I reran the benchmark separately to verify that the improvement persists, and the result appear stable across the runs:
(rerun of Tile38QueryLoad benchmark on x86)
│ base.results │ slp.results │
│ sec/op │ sec/op vs base │
Tile38QueryLoad-4 531.3µ ± 0% 523.4µ ± 0% -1.49% (p=0.000 n=10)
│ base.results │ slp.results │
│ p50-latency-sec │ p50-latency-sec vs base │
Tile38QueryLoad-4 251.3µ ± 0% 250.6µ ± 0% -0.25% (p=0.005 n=10)
│ base.results │ slp.results │
│ p90-latency-sec │ p90-latency-sec vs base │
Tile38QueryLoad-4 862.6µ ± 0% 847.7µ ± 0% -1.73% (p=0.000 n=10)
│ base.results │ slp.results │
│ p99-latency-sec │ p99-latency-sec vs base │
Tile38QueryLoad-4 4.998m ± 1% 4.803m ± 1% -3.89% (p=0.000 n=10)
│ base.results │ slp.results │
│ ops/s │ ops/s vs base │
Tile38QueryLoad-4 5.646k ± 0% 5.731k ± 0% +1.51% (p=0.000 n=10)
Here is how I ran the benchmarks:
taskset -c 44-47 ./sweet run -shell -work-dir `pwd`/tmp config.toml 2>&1 | tee sweet.log
# Separate rerun for tile38 on x86
taskset -c 44-47 ./sweet run -run=tile38 -shell -work-dir `pwd`/tmp config.toml 2>&1 | tee sweet.log
config.toml:
[[config]]
name = "base"
goroot = "/home/asamoylov/go-upstream"
[[config]]
name = "slp"
goroot = "/home/asamoylov/go-slp"
envbuild = ["GOFLAGS=-d=ssa/slp/debug=2"]
Notes:
- In my environment cocroachdb benchmark fails for some reason (regardless of the SLP)

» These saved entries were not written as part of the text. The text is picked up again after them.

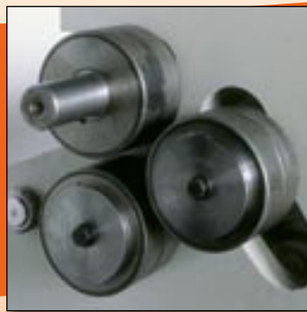
Angle rolls device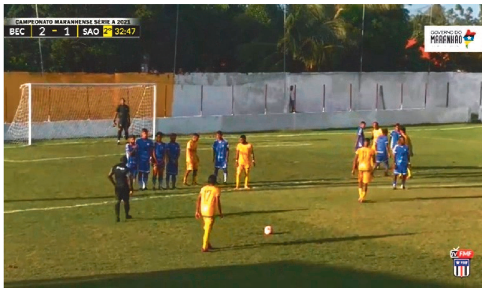
O BACABAL VENCEU O SÃO JOSÉ POR 2 X 1, NO ESTÁDIO PINHEIRÃO, EM SÃO MATEUS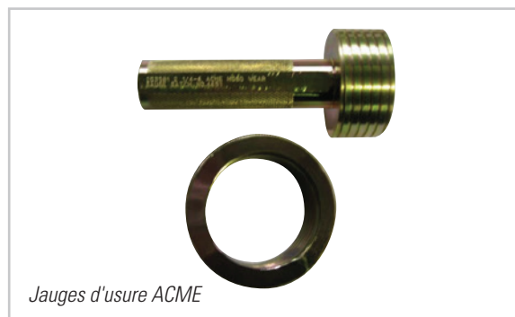
Jauges d'usure ACME

Commandez vos jauges d'usure ACME auprès de l'un de nos centres ci-dessous!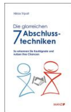
Die glorreichen 7 Abschlusstechniken Ladenpreis: 21,90 EUR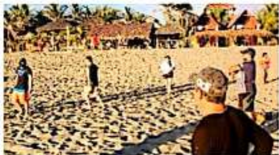
CD. LÁZARO CÁRDENAS, MICH.- Notable afluencia de turistas en Nexpa por época decembrina.

Además, refiere que se mantiene un notable cambio del turista nacional al local o estatal, ello debido a la misma publicidad, por la cual turistas michoacanos llenan las habitaciones, dado que estos buscan otras alternativas para vacacionar, no obstante, se mantiene la presencia internacional, nacional y estatal.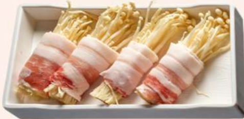
ENOKI CON PANCETA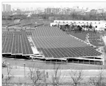
청계천 유지정수용 정수장 310kWp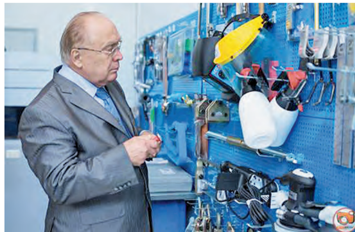
Ректор МГУ Виктор Садовничий в учебном центре новой кафедры

Одновременно набирали абитуриентов. И уже минувшим летом состоялся первый набор – на бюджетные места приняли двадцать пять человек. С первого сентября в учебном центре официально начались занятия. Мы разработали, скажем так, несколько траекторий обучения студентов. В том числе будем готовить специалистов по кузовному ремонту. Кстати, часть наших первокурсников уже прошла обучение по программе подготовки колористов, тренер специально приезжал из Москвы, ребята сдали контрольные тесты, сейчас ждём, когда им вышлют соответствующие сертификаты.

- For the go-build benchmark, I had to use a separate compiler build with SLP enabled by default (thats why "slp" config has different goroot and doesn't need GOEXPERIMENT=slp)
- GOFLAGS=-d=ssa/slp/debug=2 is not particular useful without `=all`, which it does not accept
Also, my previous reply sent through Groups web interface appears to have gotten stuck and was only published after I replied via Gmail.

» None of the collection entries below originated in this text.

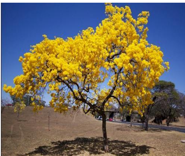
Figura 3: Exemplar adulto de Tabebuia Alba

Fonte: https://www.plantaseraizes.com.br/ipe-amarelo-e-seus-beneficios/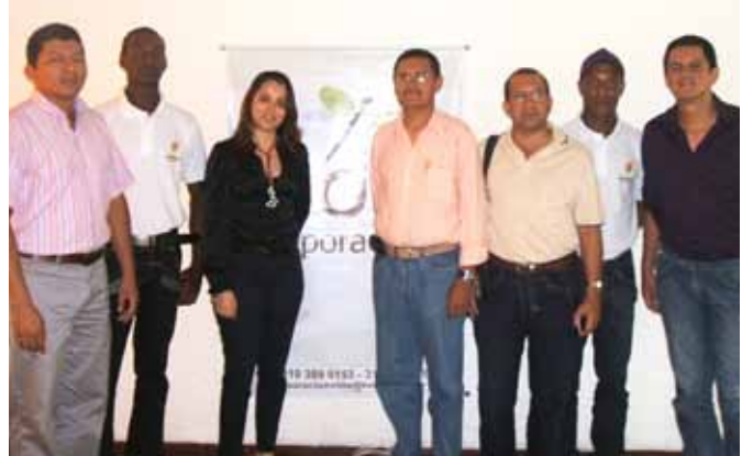
Zertifizierung durch Social Action Santiago de Cali, Valle del Cauca

Wir sind im Netzwerk der Organisationen der Zivilgesellschaft die UNV-Welt der Vereinten Nationen, als aktive Teilnehmer für die Verwirklichung von Frieden und Entwicklung weltweit durch ehrenamtliche Arbeit enthalten.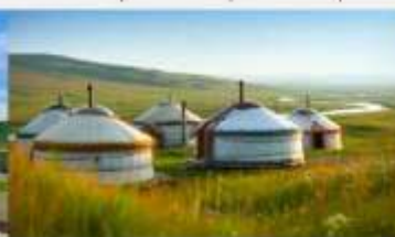
กุ่มหน้าออร์ดอส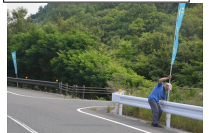
神辺町観光協会共催 幟を撤去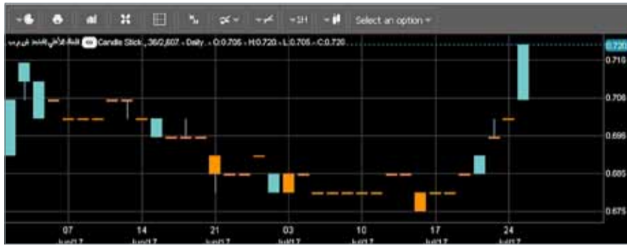
• حركة سهم البنك الأهلي المتحد في بورصة البحرين منذ مطلع العام الجاري.

وكان الرئيس التنفيذي لبيتك، مازن الناهض، قال في تصريحات سابقة حول عملية الاندماج ”إننا ندرس الموضوع فقط، ولم يتم أي نوع من أنواع الاتفاق حتى الآن، ولكننا نرى أن هذه الخطوة إيجابية جداً إذا تمت بالسعر المناسب، وإذا حققت التكامل بين المصرفين المندمجين، ولكن حتى الآن ليس هناك أي جديد بهذا الموضوع“.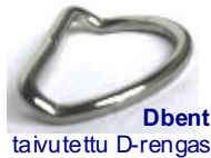
Dbent taivutettu D-rengas

As a result, the thread now contains three copies of the same reply.
The Gmail version (the third one) does not contain proper links, so please refer to one of the first two copies.
I hope benchmarks tables will be displayed correctly. Pasting them as plain text looks rather messy.